I've also subscribed Michael Xin, as he just reported an identical bug I've marked as a duplicate.

Jeremy,
Also can you add/change that the bug was discovered by Henry Yamauchi, Charles Neill and Michael Xin (our security QE team). I was just the one filling the bug and attaching patch from our Neutron developers. Hope it is possible. Thank you for any help.

Jason, Thanks for your quick action.

Jason, absolutely. I'll make sure we credit "Henry Yamauchi, Charles Neill and Michael Xin from Rackspace" as the researchers responsible for its discovery on any advisory we publish for this issue. Thanks for the additional detail.

Jeremy,
Awesome. Thank you

---
Jason
On Oct 8, 2014 1:45 PM, "Jeremy Stanley" <email address hidden> wrote:

> Jason, absolutely. I'll make sure we credit "Henry Yamauchi, Charles
> Neill and Michael Xin from Rackspace" as the researchers responsible for
> its discovery on any advisory we publish for this issue. Thanks for the
> additional detail.
>
> --
> You received this bug notification because you are subscribed to the bug
> report.
> https://bugs.launchpad.net/bugs/1378450
>
> Title:
> Maliciously crafted dns_nameservers will crash neutron
>
> Status in OpenStack Neutron (virtual network service):
> New
> Status in OpenStack Security Advisories:
> Incomplete
>
> Bug description:
> The following request body will crash neutron nodes.
>
> {"subnet": {"network_id": "2aeb163a-a415-4568-bb9e-9c0ac93d54e4",
> "ip_version": 4,
> "cidr": "192.168.1.3/16",
> "dns_nameservers":
> ["111111111111111111111111111111111111111111111111111111111111"]}}
>
> Even strace stops logging.
>
> To manage notifications about this bug go to:
> https://bugs.launchpad.net/neutron/+bug/1378450/+subscriptions
>

I can confirm that this issue exists, and also that the supplied patch fixes the issue.

Kyle:
What is the process from here? Does someone else apply our suggested patch or do we need to create a gerrit review? Thank you guys for helping us learn this process.

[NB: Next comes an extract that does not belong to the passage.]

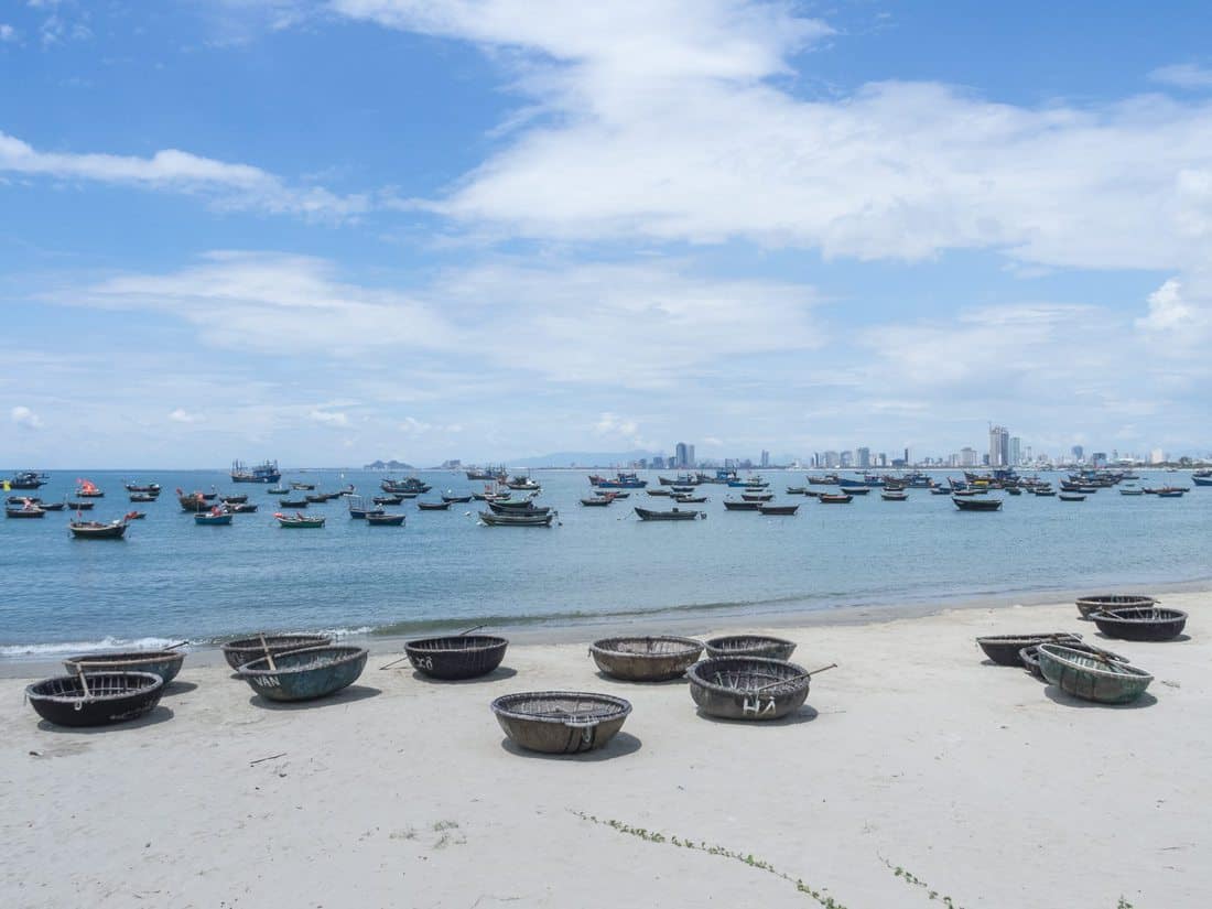 - Da Nang beach with traditional boats and panorama

Neutron core security reviewers need to review the patches attached to this bug and/or propose some new attachments. At the same time the vulnerability management team drafts an impact description, requests a CVE with that and schedules a disclosure date with sufficient time to warn downstream consumers and provide advance copies of the accepted patches. On the disclosure date the patches get pushed into Gerrit, rapidly approved and at the same time an advisory is published detailing the vulnerability. https://wiki.openstack.org/wiki/Vulnerability_Management

Here is the impact description draft #1:

Title: Neutron DoS through invalid DNS configuration
Reporter: Henry Yamauchi, Charles Neill and Michael Xin (Rackspace)
Products: Neutron
Versions: up to 2014.2

Description:
Henry Yamauchi, Charles Neill and Michael Xin from Rackspace reported a vulnerability in Neutron. By configuring a maliciously crafted dns_nameservers an authenticated user may crash Neutron service resulting in a denial of service attack. All Neutron setups are affected.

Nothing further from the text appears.